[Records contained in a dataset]

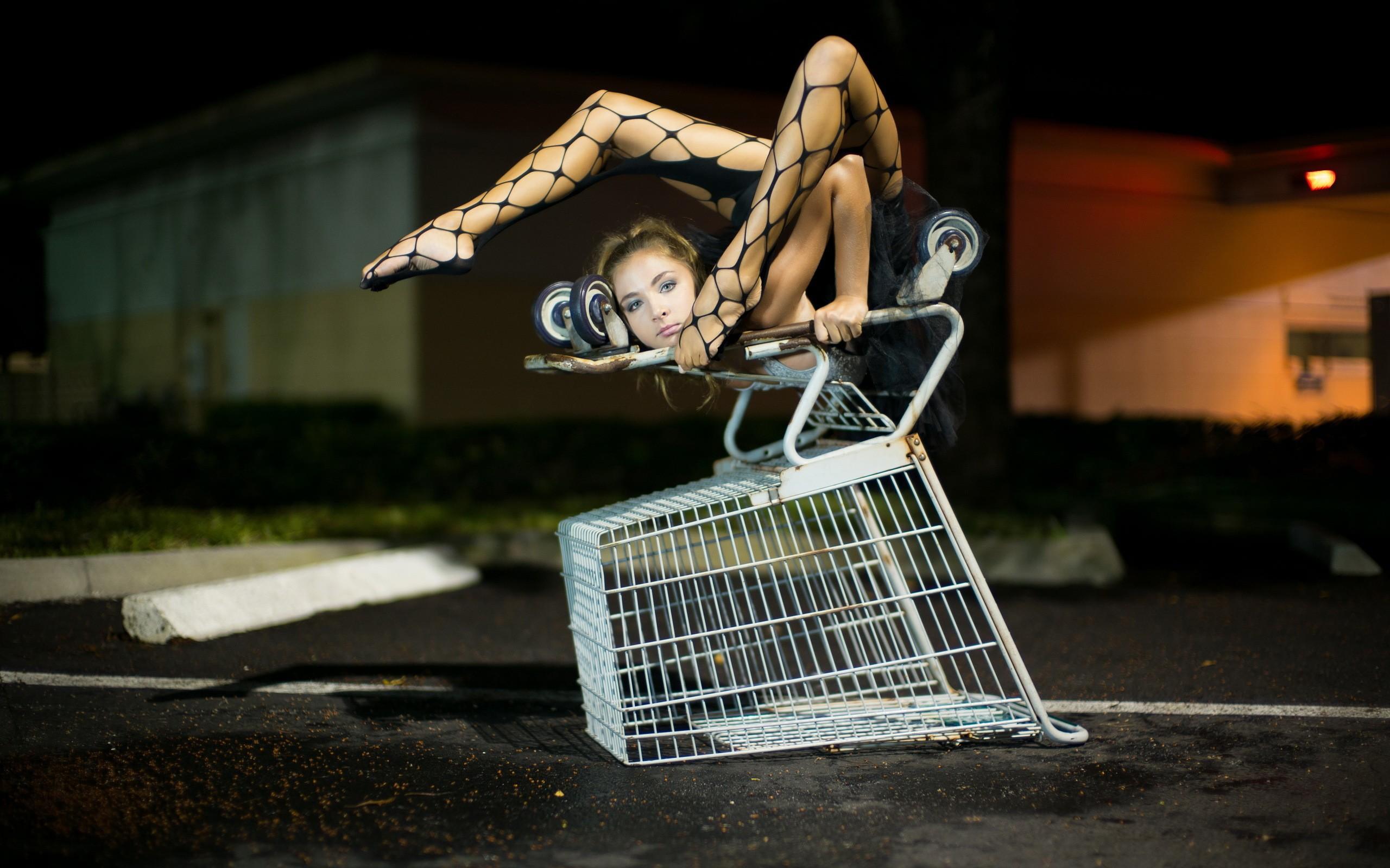 Wallpaper The girl is engaged in yoga on a basket from the supermarket
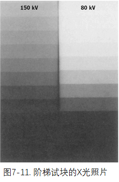 辐射硬度和胶片对比度是什么? 辐射硬度和胶片对比度是什么? 当辐射硬度增加时,半值厚度(HVT)也会增加。钢和铅的表2-2和3-2分别以数据形式显示了这一点。 这就是为什么在一个厚度不同的物体中,当辐射硬度增加时,图像对比度会减小。图7-11清楚地说明了这一点。 阶梯楔的左侧用150千伏进行射线照射,右侧用80千伏。右侧显示两个步骤之间更大的对比度,而左侧的对比度范围最大。
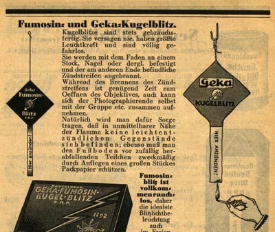 | Parts of the instruction: "Nothing is easier, than making photos with the BRILLANT BLITZLICHT! When a photo becomes bad, you made a mistake! ....Fix the flash-powder bag with a thumbtack on a broomstick. The fuse must hang down. Shake the powder in the low part of the bag and pull back one top edge of the bag, to avoid a bang. ....Note! This flash-powder bag is not a toy!" The second picture on top is from a photo katalog from aboput 1925 and shows how to use flash-powder bags like this. A very interested and rare item for any collector. Any questions? Auction@enter-net.de |
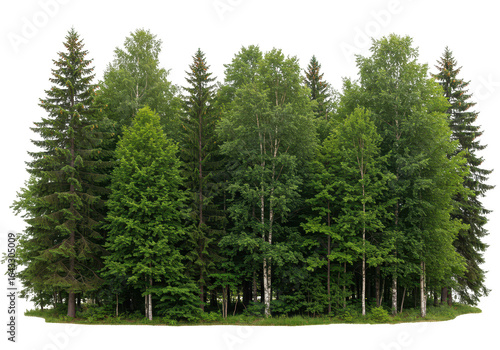 A dense forest of various green trees, including deciduous and coniferous species, isolated on a transparent background
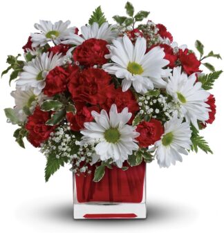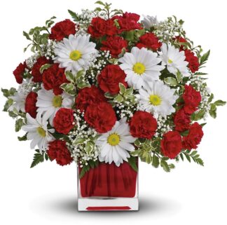 Includes miniature red carnations and white daisy chrysanthemums, accented with fresh greenery.
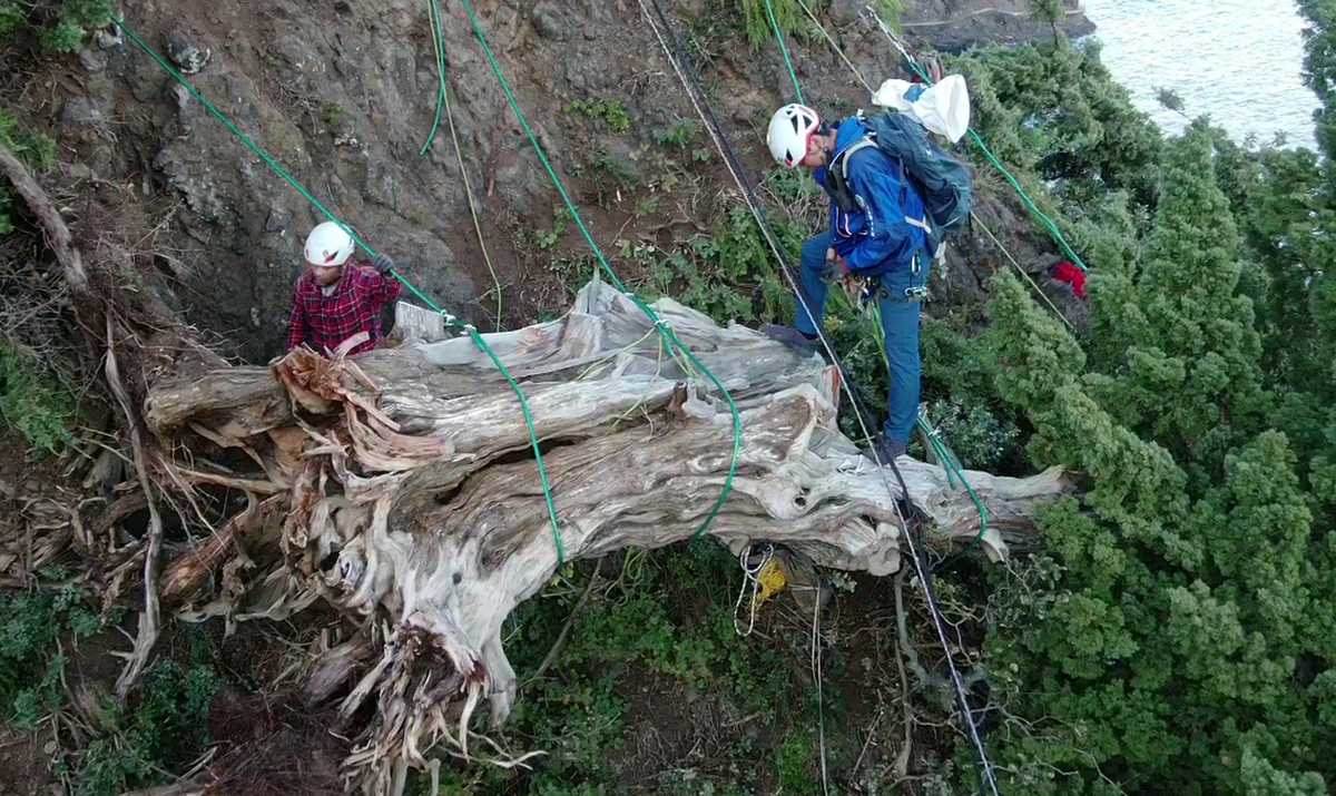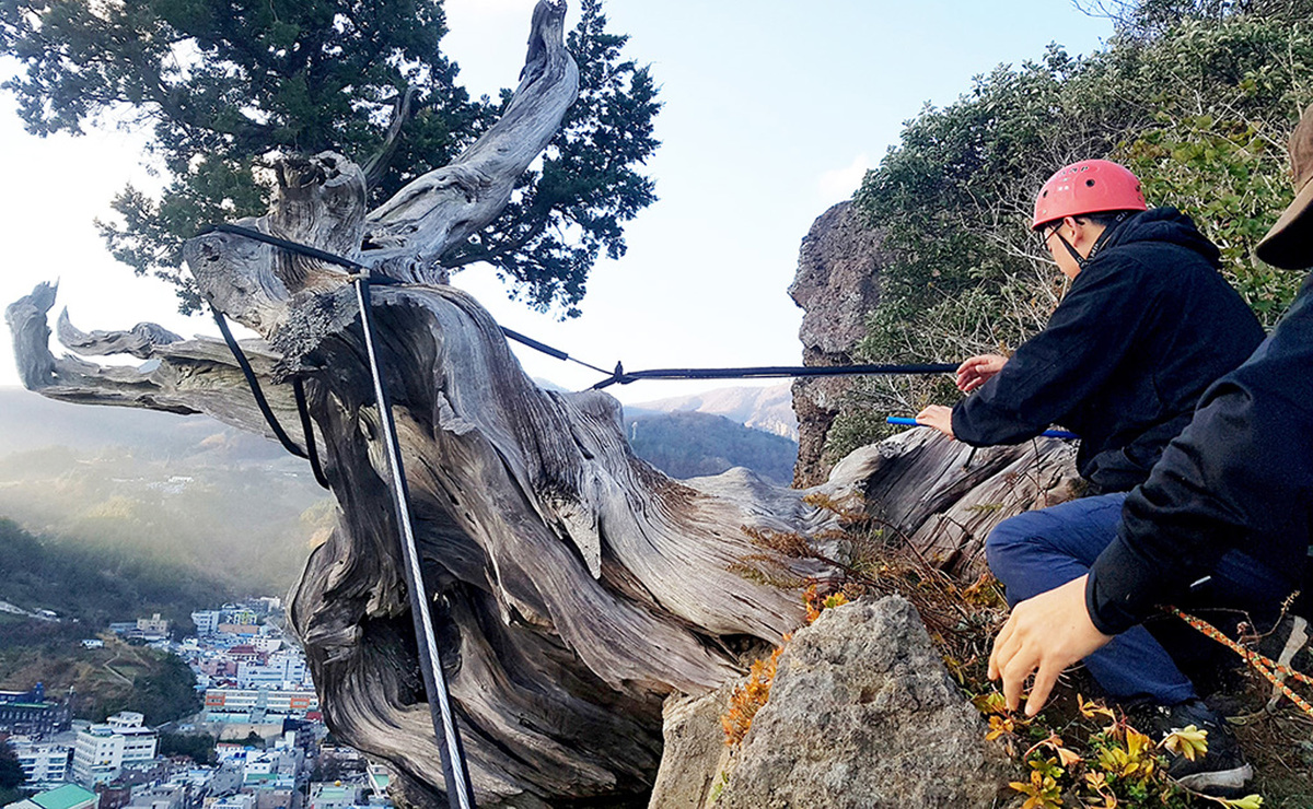 울릉산악회는 울릉산악구조대원을 포함한 경험 많은 회원들이 활동하고 있다. 이날 10여 명의 회원들은 전문가들과 함께 오전 9시30분 울릉군청을 출발해 해발 140m 절벽에 자생하는 최고 수령 향나무를 향해 보조로프를 이용해 접근했다.
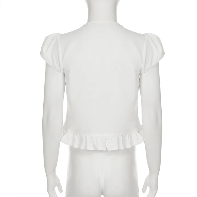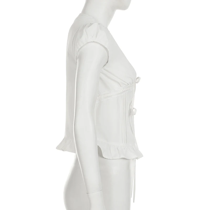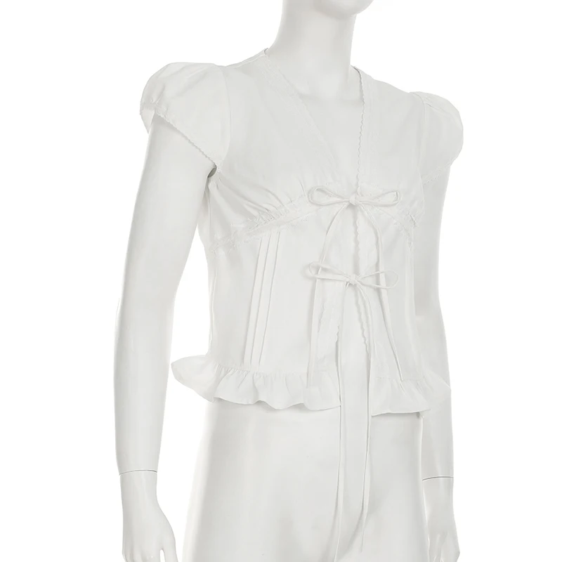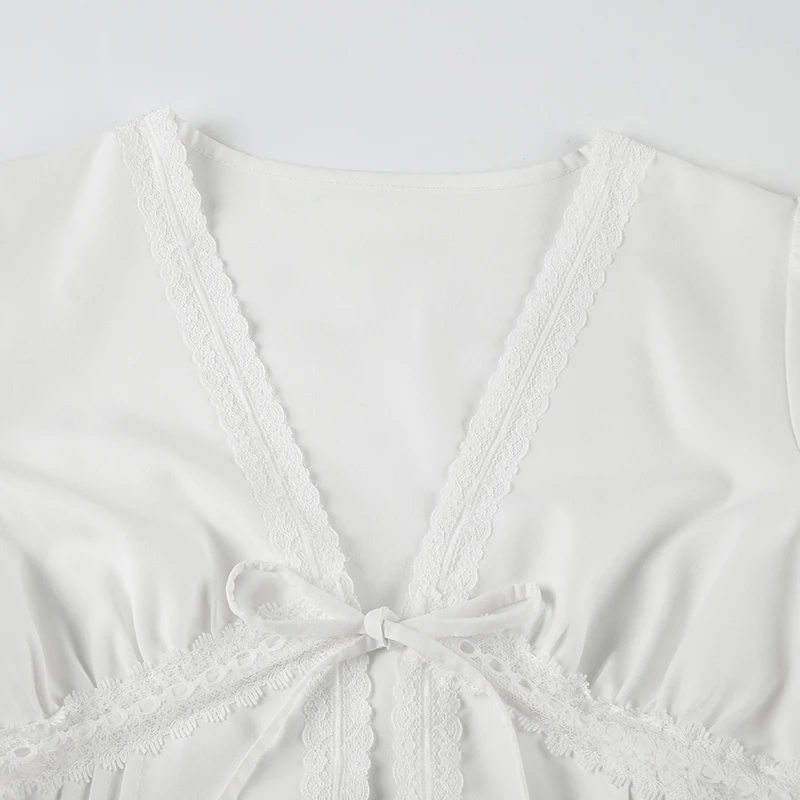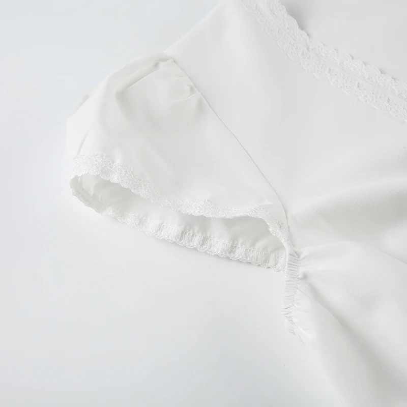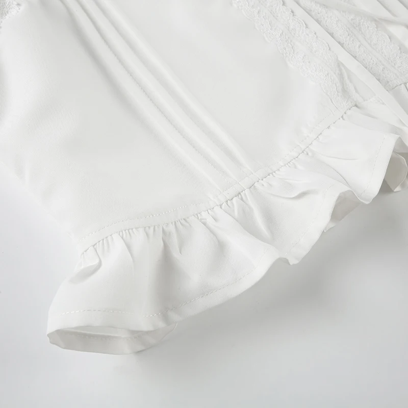 fashionCute Sexy Lace Patchwork Shirt Deep V-neck Casual White Slim Clothes Sleeveless Fashionable Women's Top

• WHAT TO PRODUCE:
The lines from the one containing "Includes miniature red" through the last line above are to be repeated exactly, and only those. Any pictures must be left out.

• TASK RESPONSE:
 Includes miniature red carnations and white daisy chrysanthemums, accented with fresh greenery.
 울릉산악회는 울릉산악구조대원을 포함한 경험 많은 회원들이 활동하고 있다. 이날 10여 명의 회원들은 전문가들과 함께 오전 9시30분 울릉군청을 출발해 해발 140m 절벽에 자생하는 최고 수령 향나무를 향해 보조로프를 이용해 접근했다.
 fashionCute Sexy Lace Patchwork Shirt Deep V-neck Casual White Slim Clothes Sleeveless Fashionable Women's Top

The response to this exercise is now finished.